| Work instructions |
The answer must consist solely of the lines below starting at the one containing "Reporting: SUO to ANO" and ending at the one containing "Golden-naped Tanager ( Tangara ruficervix )", repeated exactly, with both ends included and all pictures omitted.

| Exercise input |
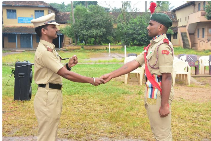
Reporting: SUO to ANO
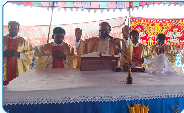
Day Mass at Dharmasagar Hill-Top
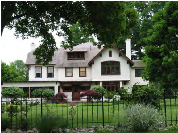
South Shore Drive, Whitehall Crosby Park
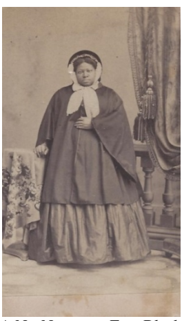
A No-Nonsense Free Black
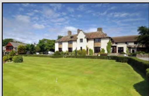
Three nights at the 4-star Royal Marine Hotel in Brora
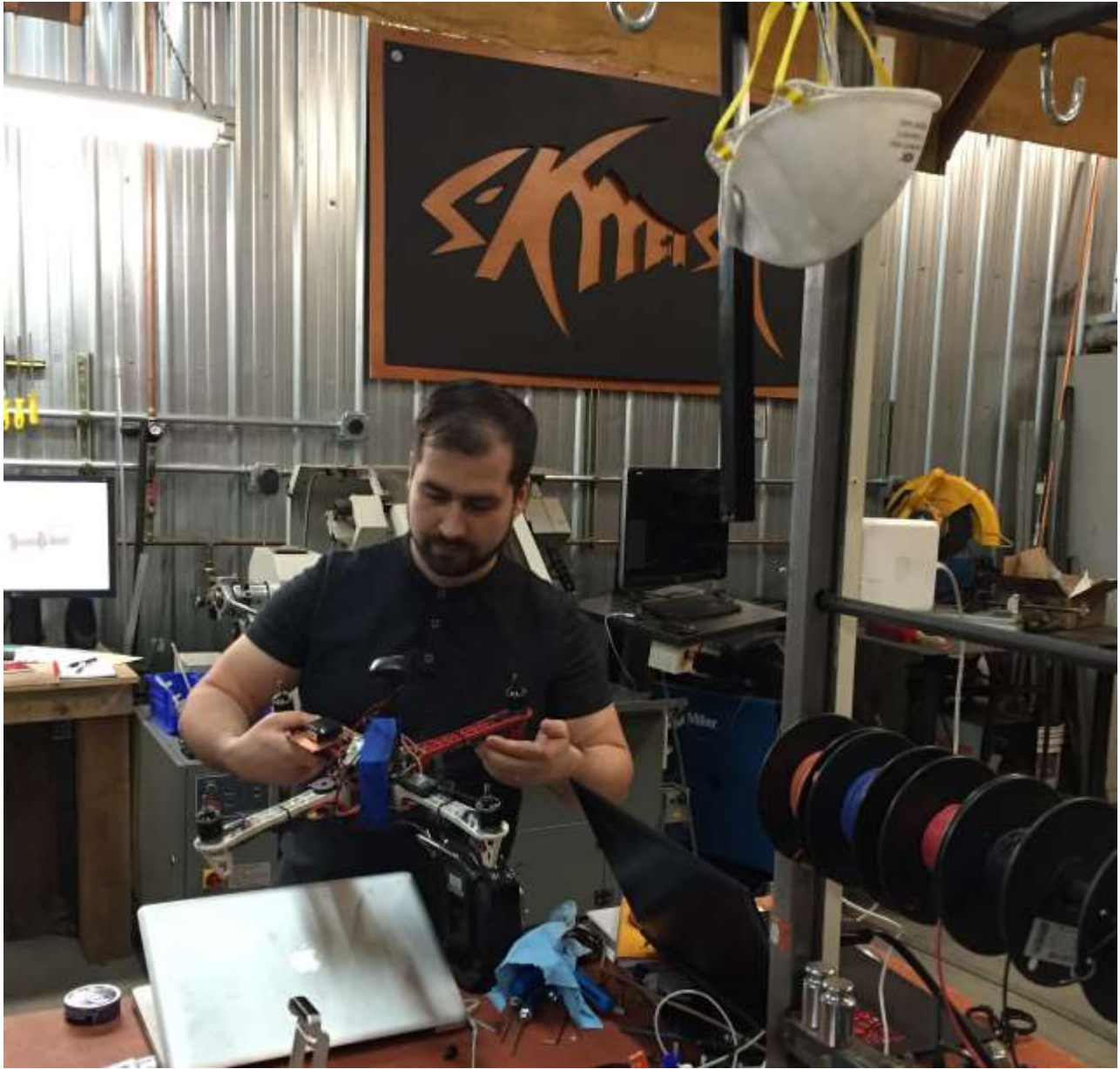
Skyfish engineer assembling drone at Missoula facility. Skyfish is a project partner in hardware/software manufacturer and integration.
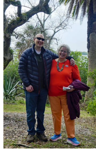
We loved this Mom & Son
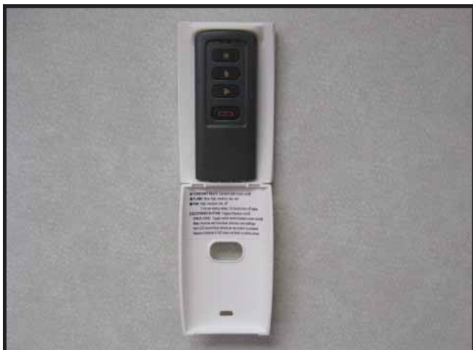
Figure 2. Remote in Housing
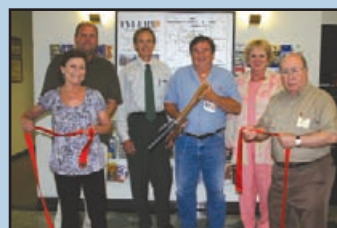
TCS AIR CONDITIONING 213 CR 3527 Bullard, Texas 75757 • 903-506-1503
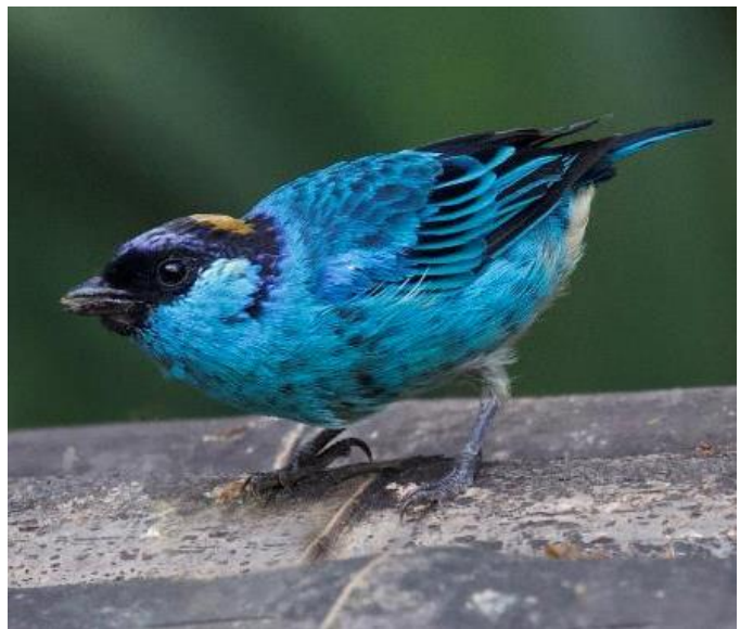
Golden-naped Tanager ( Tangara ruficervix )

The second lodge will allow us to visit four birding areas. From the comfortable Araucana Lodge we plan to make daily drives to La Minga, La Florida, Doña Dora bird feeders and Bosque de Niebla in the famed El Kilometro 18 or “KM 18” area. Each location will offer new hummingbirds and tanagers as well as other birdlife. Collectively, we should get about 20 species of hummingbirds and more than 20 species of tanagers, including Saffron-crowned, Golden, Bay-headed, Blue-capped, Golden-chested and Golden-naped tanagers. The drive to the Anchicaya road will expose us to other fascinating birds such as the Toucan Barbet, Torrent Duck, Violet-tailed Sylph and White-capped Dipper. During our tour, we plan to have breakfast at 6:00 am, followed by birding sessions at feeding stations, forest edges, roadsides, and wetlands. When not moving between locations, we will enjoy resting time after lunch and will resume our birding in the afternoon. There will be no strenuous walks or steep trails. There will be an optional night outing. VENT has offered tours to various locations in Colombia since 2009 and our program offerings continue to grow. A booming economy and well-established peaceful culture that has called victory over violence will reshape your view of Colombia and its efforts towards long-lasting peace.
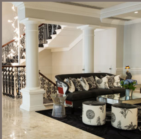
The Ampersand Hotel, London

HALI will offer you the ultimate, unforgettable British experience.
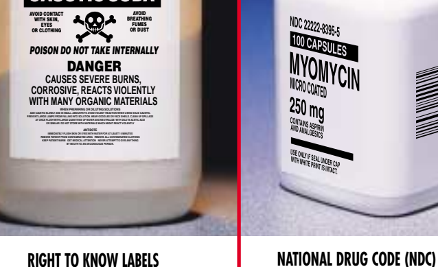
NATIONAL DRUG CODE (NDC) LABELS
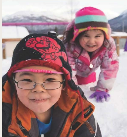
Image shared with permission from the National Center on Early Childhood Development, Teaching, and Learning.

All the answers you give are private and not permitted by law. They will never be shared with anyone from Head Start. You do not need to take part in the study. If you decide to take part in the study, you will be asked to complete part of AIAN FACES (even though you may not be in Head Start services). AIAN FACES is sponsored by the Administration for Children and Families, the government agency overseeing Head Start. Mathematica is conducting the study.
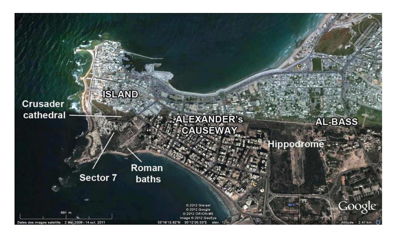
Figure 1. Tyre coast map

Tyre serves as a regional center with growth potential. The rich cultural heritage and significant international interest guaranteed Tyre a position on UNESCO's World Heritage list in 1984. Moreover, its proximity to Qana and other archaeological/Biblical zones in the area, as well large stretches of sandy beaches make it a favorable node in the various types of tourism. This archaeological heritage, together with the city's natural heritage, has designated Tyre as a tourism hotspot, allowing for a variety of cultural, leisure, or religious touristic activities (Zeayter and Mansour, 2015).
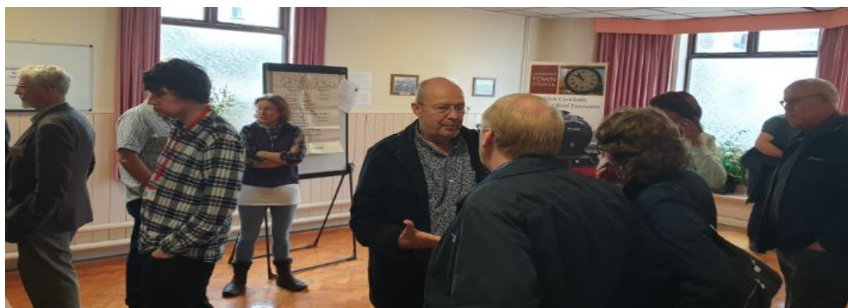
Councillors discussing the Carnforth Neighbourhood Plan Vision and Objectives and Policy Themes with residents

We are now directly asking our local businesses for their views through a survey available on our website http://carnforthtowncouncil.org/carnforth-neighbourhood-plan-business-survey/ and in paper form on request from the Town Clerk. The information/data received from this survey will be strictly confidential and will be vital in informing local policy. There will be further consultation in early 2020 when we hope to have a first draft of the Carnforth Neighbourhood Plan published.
--
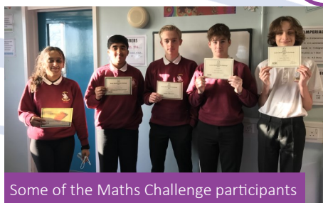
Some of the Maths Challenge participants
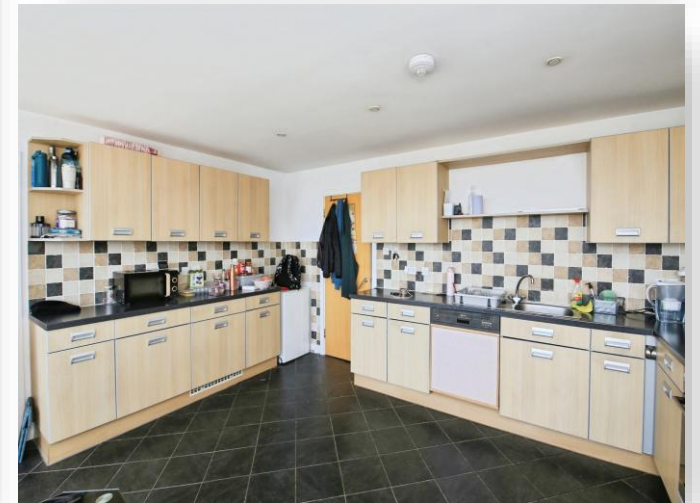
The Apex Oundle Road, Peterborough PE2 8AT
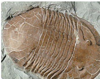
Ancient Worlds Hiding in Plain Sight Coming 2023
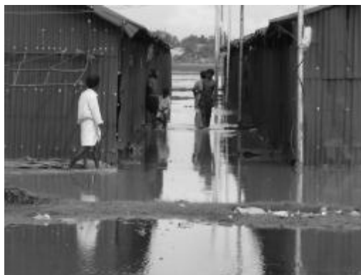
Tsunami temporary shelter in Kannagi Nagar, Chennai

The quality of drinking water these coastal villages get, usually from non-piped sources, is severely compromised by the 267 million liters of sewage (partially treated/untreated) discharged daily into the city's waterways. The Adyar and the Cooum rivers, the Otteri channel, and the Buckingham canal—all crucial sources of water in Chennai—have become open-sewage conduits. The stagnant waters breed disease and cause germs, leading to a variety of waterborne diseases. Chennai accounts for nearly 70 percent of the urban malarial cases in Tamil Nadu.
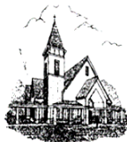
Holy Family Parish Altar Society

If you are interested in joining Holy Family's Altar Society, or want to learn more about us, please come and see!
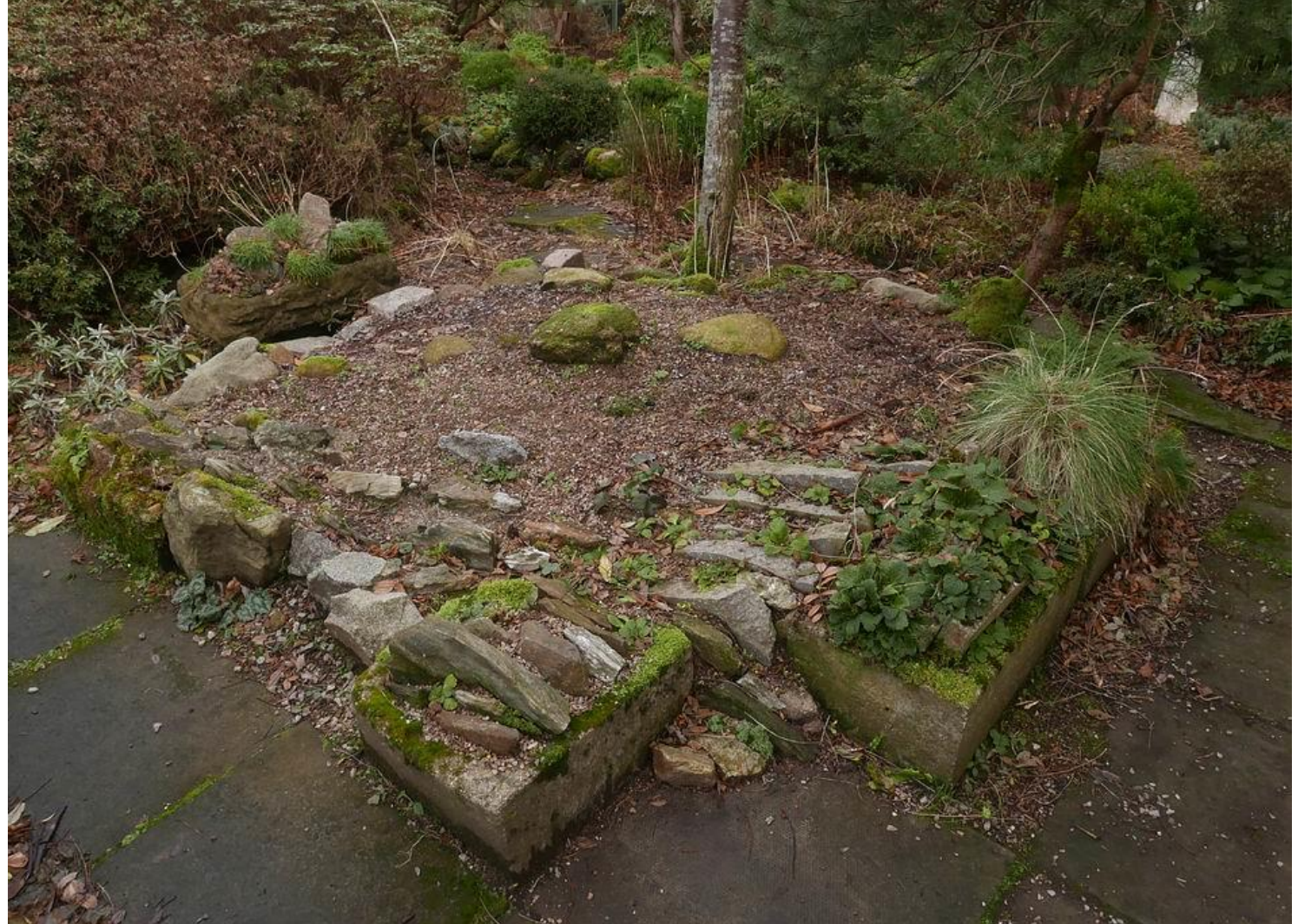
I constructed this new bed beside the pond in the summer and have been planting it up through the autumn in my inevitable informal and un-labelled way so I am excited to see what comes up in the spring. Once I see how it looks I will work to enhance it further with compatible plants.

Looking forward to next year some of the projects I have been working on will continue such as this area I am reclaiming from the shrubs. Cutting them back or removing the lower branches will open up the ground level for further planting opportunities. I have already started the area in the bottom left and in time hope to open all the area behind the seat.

| Answer to this problem |
Reporting: SUO to ANO
Day Mass at Dharmasagar Hill-Top
South Shore Drive, Whitehall Crosby Park
A No-Nonsense Free Black
Three nights at the 4-star Royal Marine Hotel in Brora
Skyfish engineer assembling drone at Missoula facility. Skyfish is a project partner in hardware/software manufacturer and integration.
We loved this Mom & Son
Figure 2. Remote in Housing
TCS AIR CONDITIONING 213 CR 3527 Bullard, Texas 75757 • 903-506-1503
Golden-naped Tanager ( Tangara ruficervix )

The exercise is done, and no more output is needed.